Bijna de helft van de deelnemers geeft aan de gebeurtenis verwerkt te hebben maar uit de zogenaamde schokverwerkingslijst blijkt dat ze over het algemeen nog veel klachten hebben als herbelevings- en vermijdingsreacties. Driekwart van de mensen met deze klachten maakt geen gebruik (meer) van professionele hulp.

Adviezen
Het onderzoek is gehouden onder een selectieve groep slachtoffers van schokkende gebeurtenissen en geeft niet een representatief beeld. Via een oproep in advertenties en radiocommercials konden mensen de enquête via de websites www.nadeschok.nl of www.slachtofferenquete.nl invullen. De eerste resultaten (meting 22 september) zijn op basis van 865 deelnemers. De meerderheid van de deelnemers zit in de leeftijdscategorie 30 tot 50 jaar. De groep deelnemers is relatief hoog opgeleid, maar liefst 53 procent heeft een opleiding op HBO of universitair niveau. Het lijkt erop dat vrouwen mededeelzamer zijn over hun ervaringen dan mannen. Van de deelnemers is maar liefst 69 procent vrouw. Bijzondere aan dit onderzoek is verder dat aan een grote groep slachtoffers advies is gevraagd hoe zij zouden willen dat de omgeving op hen reageert.

Na de Schok
'Na de Schok' is het thema van de Nationale Dag Geestelijke Volksgezondheid die wordt gehouden op 11 oktober 2004. Het Nationaal Fonds Geestelijke Volksgezondheid (NFGV) organiseert deze achtste Nationale Dag samen met organisaties uit de geestelijke gezondheidszorg en patiënten- en familieorganisaties.
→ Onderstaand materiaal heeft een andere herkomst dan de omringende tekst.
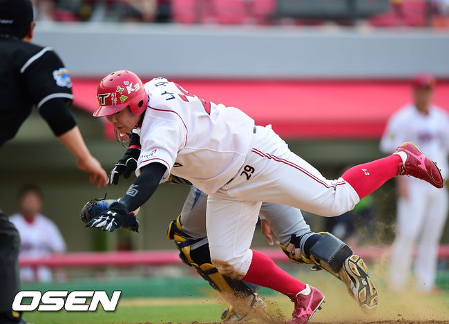 한편 NC는 어제(30일) 광주-KIA 챔피언스필드에서 열린 KIA와의 맞대결에서 5회 2사 2,3루에서 터진 테임즈의 결승 2타점 3루타를 앞세워 KIA를 8-6으로 승리했다. 2번 타자 우익수로 선발 출장한 이종욱도 3타점으로 활약했다. NC는 4연승을 달리며 29승 19패를 기록했다. KIA는 3연패하며 20승 27패를 기록했다.

Deze organisaties willen slachtoffers ondersteunen en mensen in de directe omgeving stimuleren met begrip om te gaan met slachtoffers. Op en rond 11 oktober worden overal in het land publieksactiviteiten gehouden. Via actietelefoonnummer 0900 - 1450 (Korrelatie) en de website www.NadeSchok.nl kan het publiek reageren en de Wegwijzer met tips en adviezen aanvragen.